It used to mean things like false positives in computer vision, where it is sort of appropriate: the AI is seeing something that’s not there.
Then the machine translation people started misusing the term when their software mistranslated by adding something that was not present in the original text. They may have been already trying to be misleading with this term, because “hallucination” implies that the error happens when parsing the input text - which distracts from a very real concern about the possibility that what was added was being plagiarized from the training dataset (which carries risk of IP contamination).
Now, what’s happening is that language models are very often a very wrong tool for the job. When you want to cite a court case as a precedent, you want a court case that actually existed - not a sample from the underlying probability distribution of possible court cases!

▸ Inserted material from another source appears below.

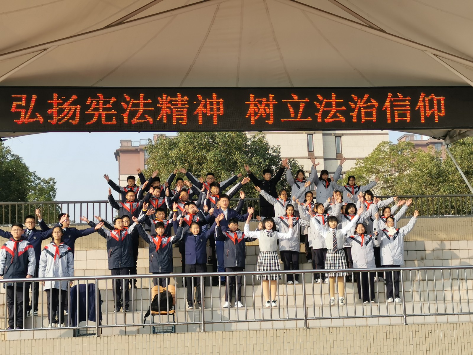 为贯彻落实习近平总书记关于宪法学习宣传教育的系列重要精神,进一步在青少年学生中普及宪法知识、弘扬宪法精神、树立宪法权威,在全国宪法日到来之际,我校在11月30日举行了“弘扬宪法精神,树立法治信仰”的主题晨会。

LLM peddlers don’t want to ever admit that an LLM is the wrong tool for that job, so instead they pretend that it is the right tool that, alas, sometimes “hallucinates”.
I love the “criti-hype”. AI peddlers absolutely love any concerns that imply that the AI is really good at something.
Safety concern that LLMs would go Skynet? Say no more, I hear you and I’ll bring it up in the congress!
Safety concern that terrorists might use it to make bombs? Say no more! I agree that the AI is so great for making bombs! We’ll restrict it to keep people safe!
Sexual roleplay? Yeah, good point, I love it. Our technology is better than sex itself! We’ll restrict it to keep mankind from falling into the sin of robosexuality and going extinct! I mean, of course, you can’t restrict something like that, but we’ll try, at least until we release a hornybot.
But any concern about language modeling being fundamentally not the right tool for some job (Do you want to cite a paper or do you want to sample from the underlying probability distribution?), hey hey hows about we talk about the skynet thing instead?